The Japanese are negotiating with the United States manufacturer, Westinghouse, to purchase some fissile material storage containers for a storage facility at Mayak, Russia. This project is a major component of the CTR program. While the Department of Defense is not yet certain how many, if any, the Japanese will purchase, it could be that a Japanese purchase would decrease the DOD requirements for container purchases by as much as $15 million. Accordingly, the Department of Defense plans to use this $15 million to augment some of the funds from the Belarus account for the classified project. The remaining fiscal year 1997 container funding in the amount of $23.5 million are being notified to Congress to enable purchase of containers to complete the 50,000 container requirement.

In short, Mr. President, the Congress has been notified on a new, classified nonproliferation project which will use all of the CTR funds no longer needed for fissile material container, and many of the obligated funds previously planned for Belarus in the event Belarus is not recertified. This project is important and time-sensitive and deserves our support.

Unobligated CTR Funds

Mr.

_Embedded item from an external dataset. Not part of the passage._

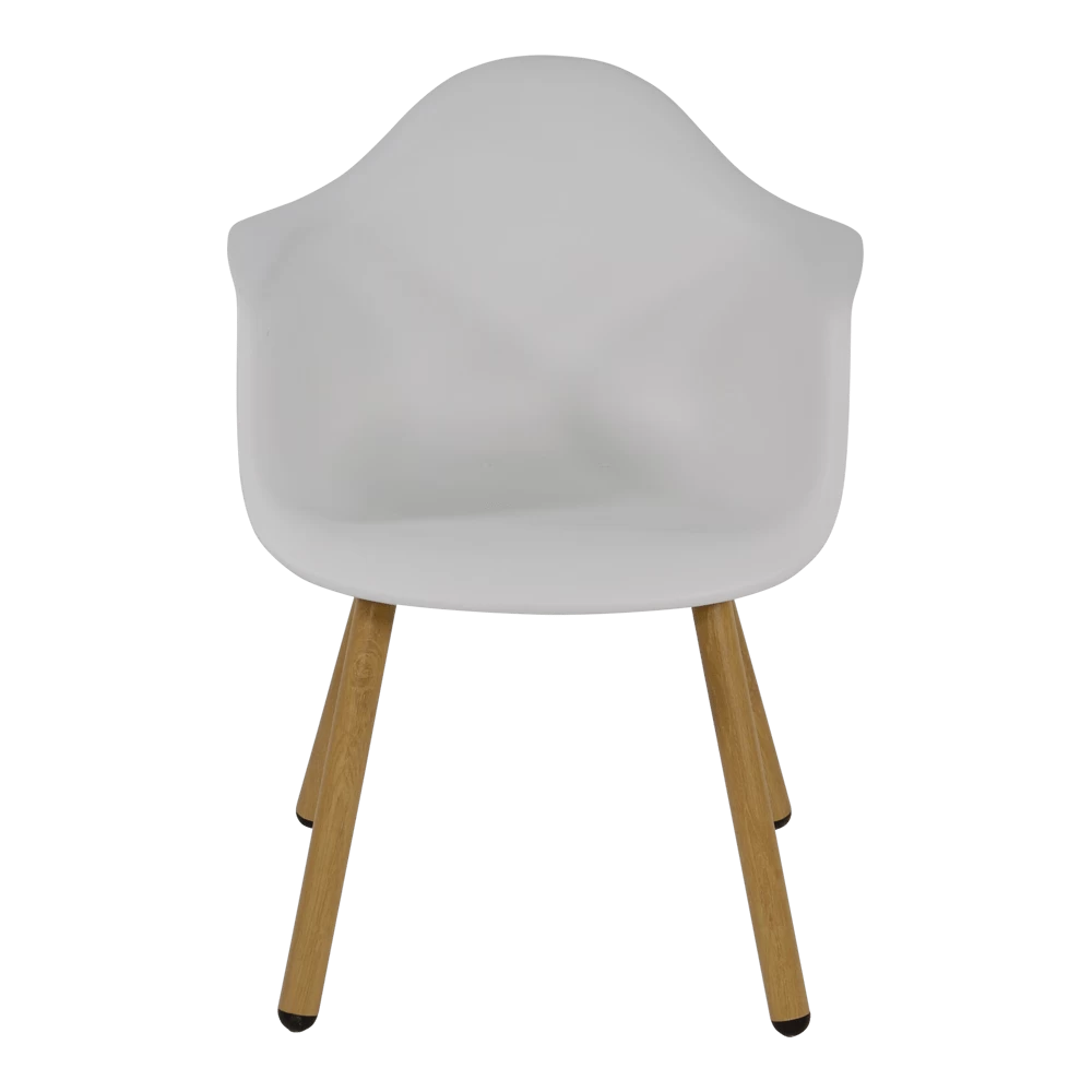 Het onderstel van de stoel heeft een houtlook, maar is vervaardigd uit aluminium. Hierdoor staat het niet alleen mooi, maar is de stoel ook onderhoudsvriendelijk! Het zitgedeelte is gemaakt van kunststof en bevat gaatjes voor de afvoer van (regen)water. Kunststof is sterk, onderhoudsarm en licht in gewicht. Beide materialen zijn zeer geschikt voor buiten.

President, the issue of unobligated CTR funds is an annual one. Inevitable delays in obligating funds in a given fiscal year result from the annual certification process, a very complicated process from the beginning of the nonnuclear legislative efforts in 1991.

For example, the Department of Defense did not have authority to spend fiscal year 1997 CTR funds until April 1997, following completion of the certification process and notification to Congress of intent to obligate the fiscal year 1997 funds.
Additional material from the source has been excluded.